At the end of June 2017, the Federal Institute of Telecommunications, IFT, finalized the bidding process by which it awarded 123 radio station concession titles, distributed on 27 am and 96 fm radio frequencies, and awarded to 57 different winning participants who met all the requirements previously established for the tender.
Of the total number of winning participants, 47 obtained frequencies only in FM, 7 only in AM and 3 obtained frequencies in both bands. This concluded a process that had begun a year earlier and for which initially 421 expressions of interest were presented to participate in the tender, by 189 individuals and 232 legal entities.
At the time, the Commissioner President of the regulatory body, Gabriel Contreras, acknowledged that "For more than twenty years no new concessions for commercial use had been granted in our country for sound broadcasting; this, as a result of the Telecommunications Reform, will allow the public in different regions of the country to have new information and entertainment options."
For its part, the Ministry of Transport and Communications of Peru announced at the beginning of June of this year the opening of the call for the first corresponding public tender of the year, in order to deliver up to 45 new authorizations of the FM radio service, with community, educational and commercial purposes, in 17 locations nationwide.
For this tender, the Peruvian ministry has prioritized those localities located in border areas, places of preferential social interest and those classified as rural areas. It also considered decentralization and the expression of public interest in the conduct of the contest.
These two cases are an example of the commitment to strengthen radio in the region, a medium that some pessimists say is stagnant. Undoubtedly, there is a space that can be developed and for which there is an interest in the market, as reflected in the numbers of the tender in Mexico.

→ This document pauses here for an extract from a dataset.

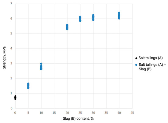 The compressive strength of the samples made solely from salt tailings was 0.72 MPa. The binder (blast furnace slag) increased the strength to 1.5 MPa at a slag content of 5% and to 6.0 MPa at a slag content of 25%. Further increases in the slag content beyond 25% had from little to no effect on strength improvement (Figure 4).
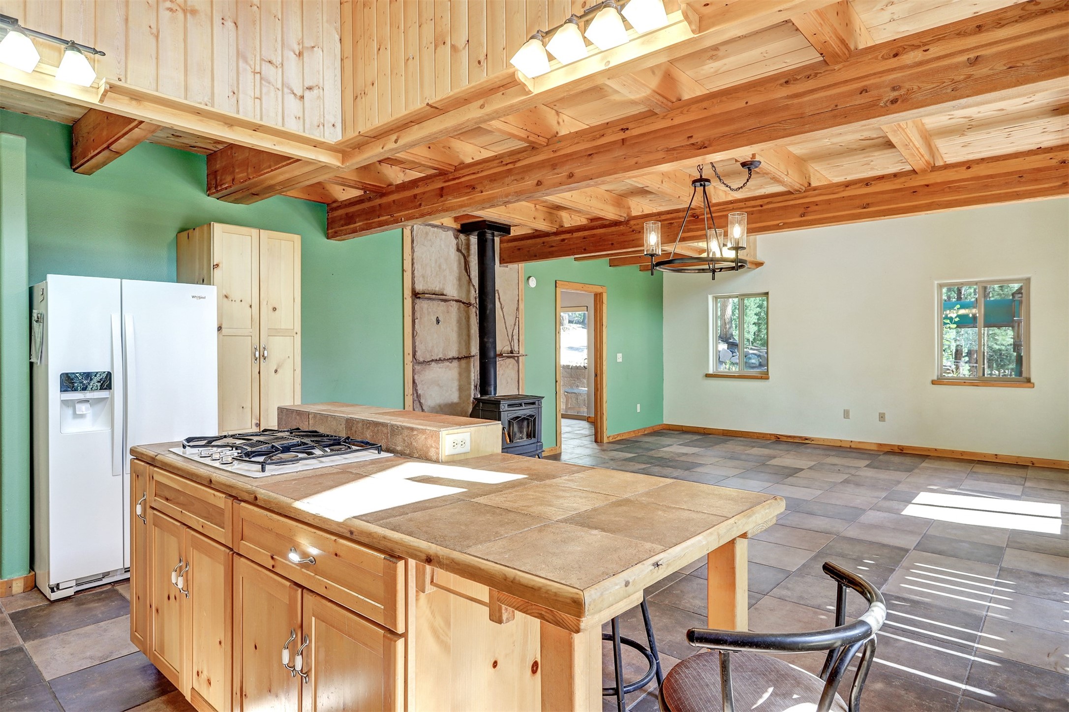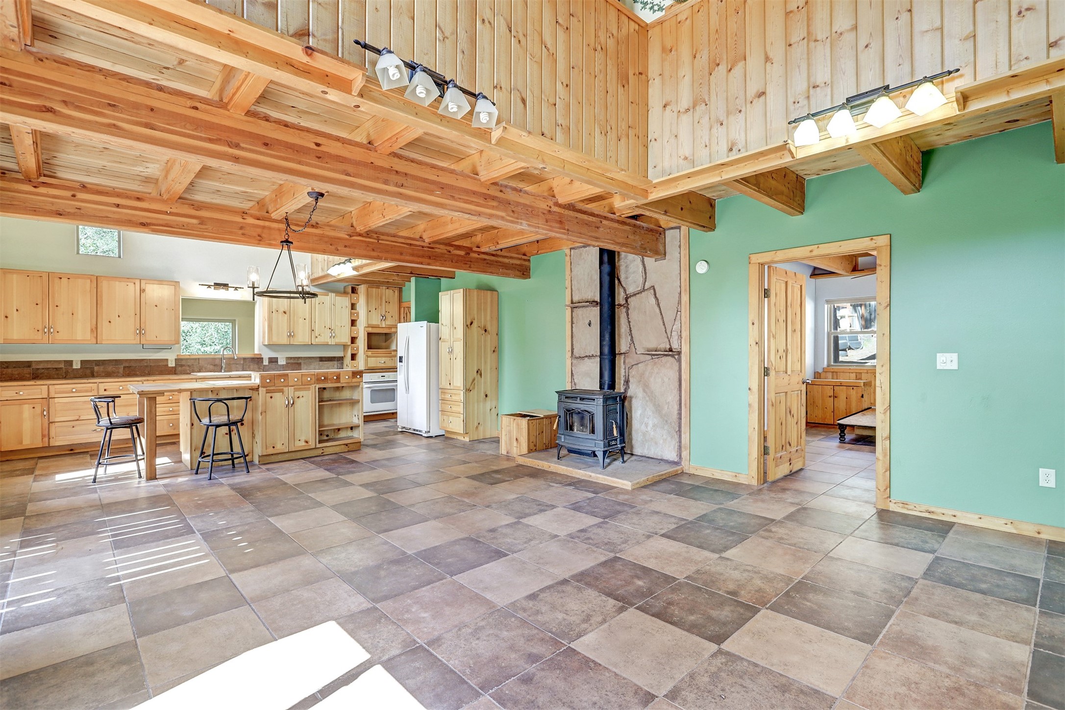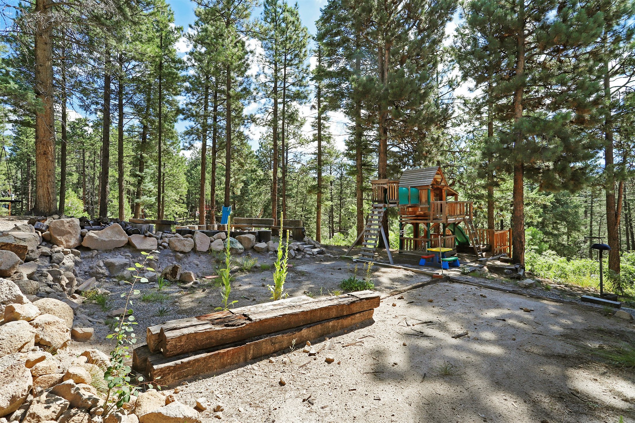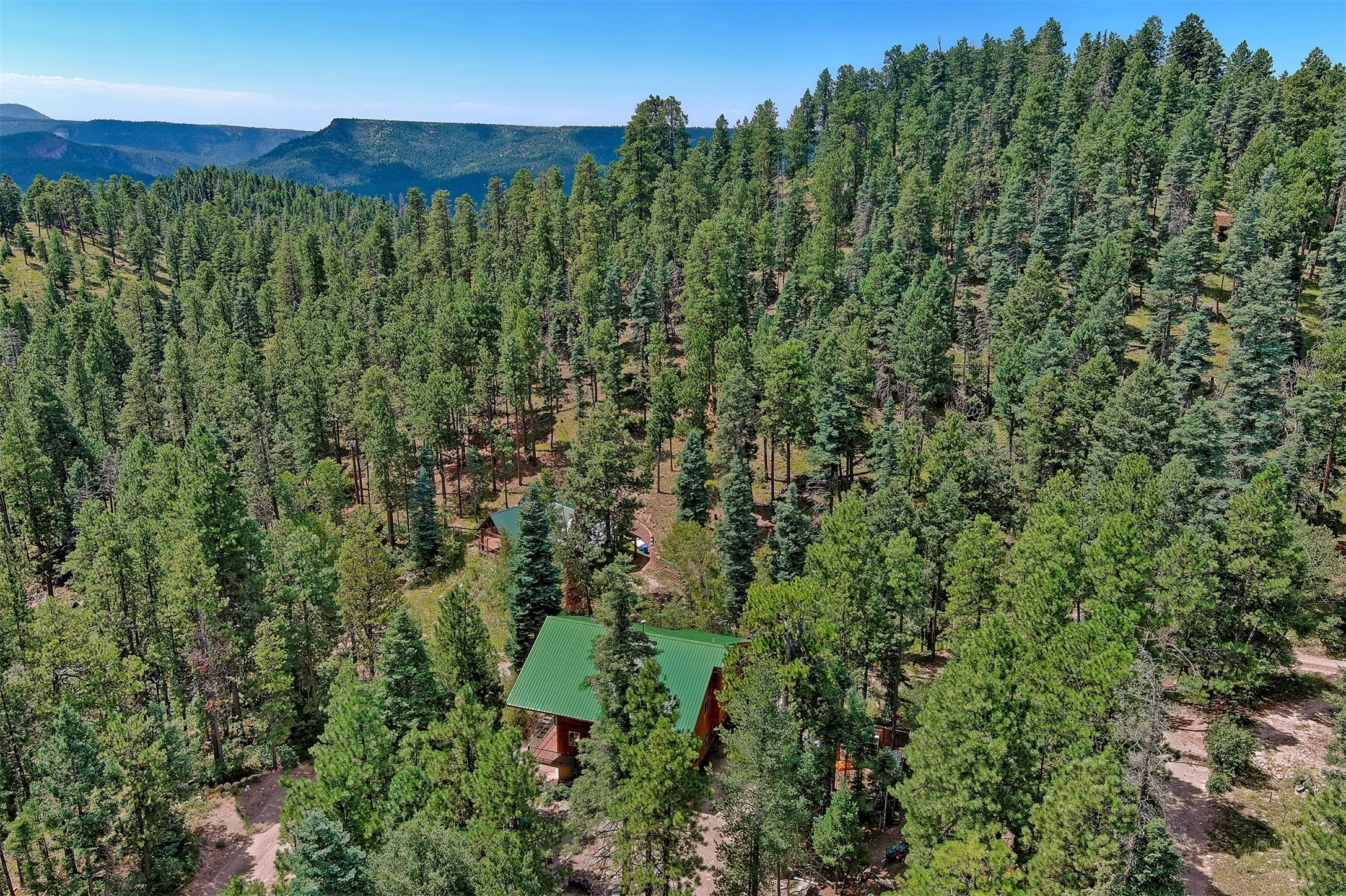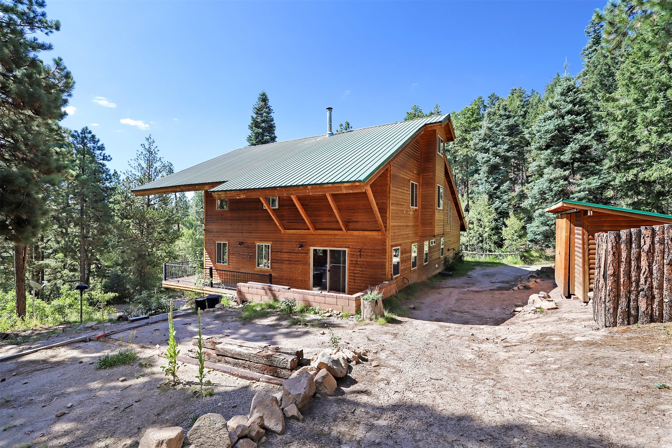Looking for a mountain home with LOTS of space? This is it! Located on 2 lots in desirable Thompson Ridge Estates, this 3 BR/2 bath home has almost 2800 sf of living space, plus 600 SF loft to boot! Custom built log sided home has plenty of storage, plus an oversized 2 car heated garage/workshop/storage area. Kitchen opens up to the large living area with vaulted tongue and groove ceiling above. Radiant floor heat keeps it warm throughout, plus a centrally located wood stove. Just a short trip to the Valles Caldera and a 45 minute commute to Los Alamos. Enjoy views of Redonda Peak off the upper balcony, take a hike to San Antonio hot springs, cruise on the ATV, fish the area waters and put the city behind! Room for the family and everything else. Come up to the mountains!

This also becomes opportunities also for all industry players, such as technology manufacturers who have focused their sales growth expectations in these two countries, in a particularly complicated year for their businesses.

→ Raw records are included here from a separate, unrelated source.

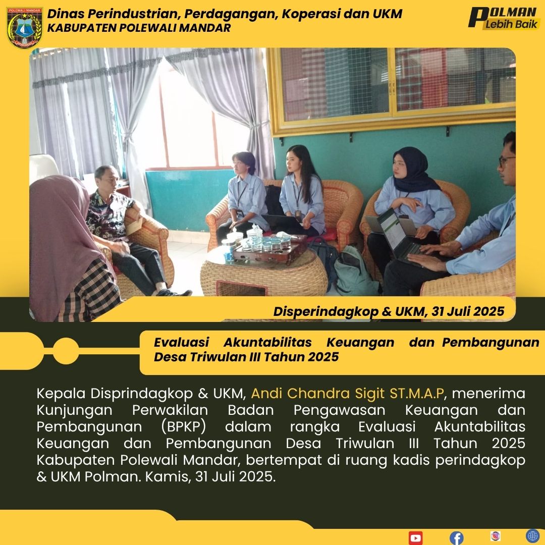 Kepala Disprindagkop & UKM, Andi Chandra Sigit ST.M.A.P, menerima Kunjungan Perwakilan Badan Pengawasan Keuangan dan Pembangunan (BPKP) dalam rangka Evaluasi Akuntabilitas Keuangan dan Pembangunan Desa Triwulan III Tahun 2025 Kabupaten Polewali Mandar, bertempat di ruang kadis perindagkop & UKM Polman. Kamis, 31 Juli 2025....
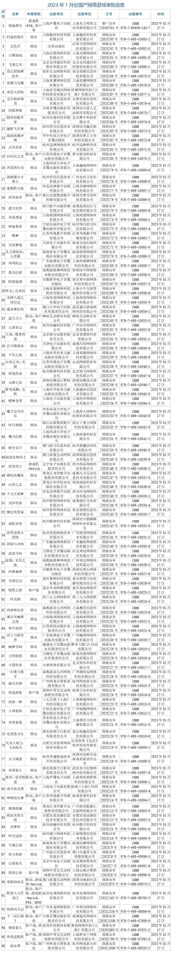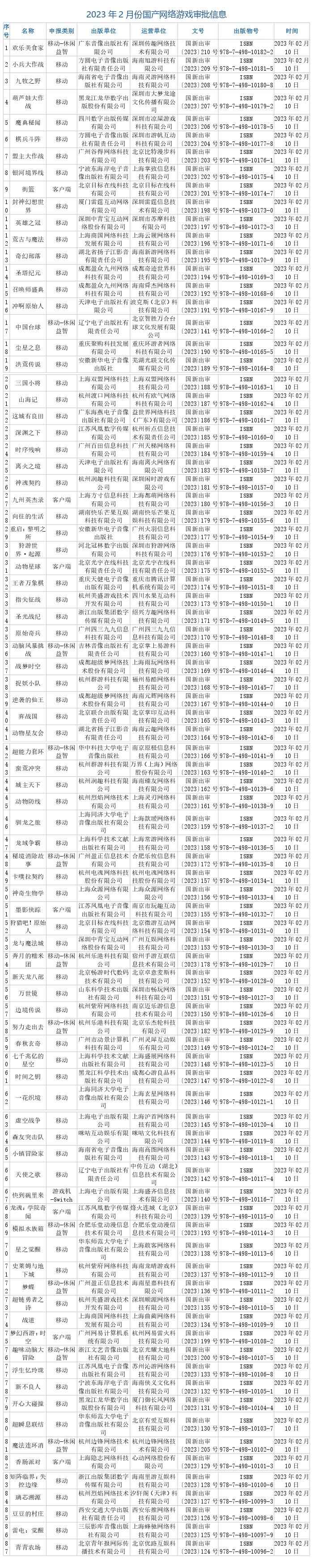 以下为2023年1月份、2月份国产网络游戏审批信息↓
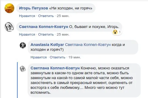Не только «ни холоден, ни горяч» - бывает похуже. Можно оказаться замкнутым в каком-то одном акте опыта, можно быть замкнутым на какой-то самой малой части себя, можно закостенеть в самый прекрасный момент, оцепенеть от восторга к себе любимому.... Много чего можно тут вспомнить.
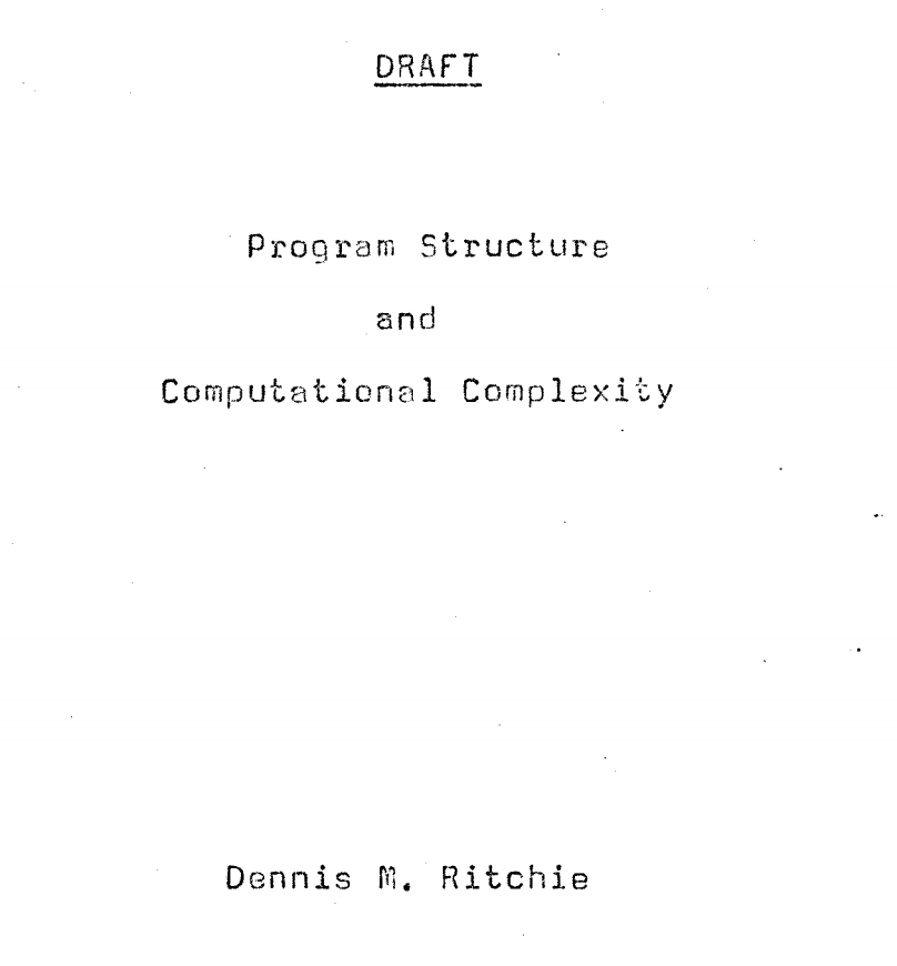 这篇论文写于 1968 年,题目是《Program Structure and Computational Complexity》,当时的 Ritchie 才 27 岁。如今,Ritchie 离我们远去,论文也早已褪色发黄。

In Mexico, the commitment to strengthen radio does not remain only in new channels. The IFT issued Technical Provision 011-2017, which obliges mobile phone manufacturers that already have fm radio signal receivers to enable it.

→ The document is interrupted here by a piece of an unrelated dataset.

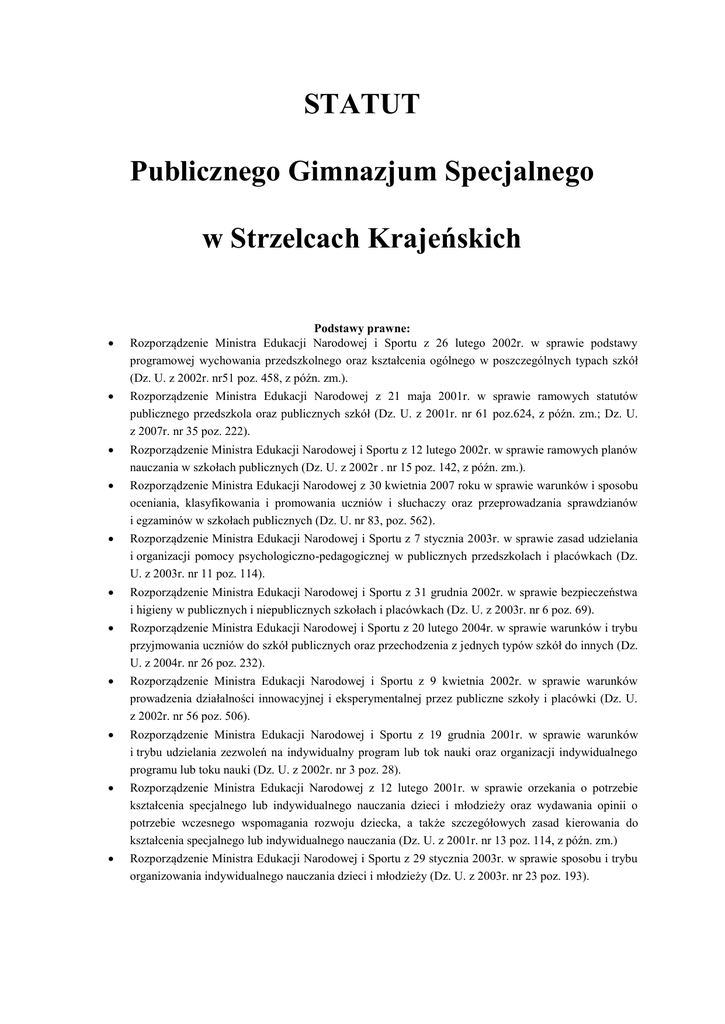 STATUT Publicznego Gimnazjum Specjalnego w Strzelcach

This standard does not require that mobile equipment manufacturers incorporate this technological capacity to receive FM radio frequencies, but that those that already have the receiver chip be activated to effectively tune stations, because most smartphones have a "chip" that allows to capture FM radio, but that at present there are few devices in operation that have the chip active.
In addition, the IFT announced that it plans to start new AM and FM radio tenders towards the end of this year, in response to the Annual Frequency Band Programs 2016 and 2017. Not to mention that Mexico is one of the first countries to advance in the implementation of the digital radio system, which will also allow frequency multiplexing.
That there is plurality of media will always be good news. Although the question remains whether there is the financial capacity to make these new stations a successful and lasting business. Time will tell.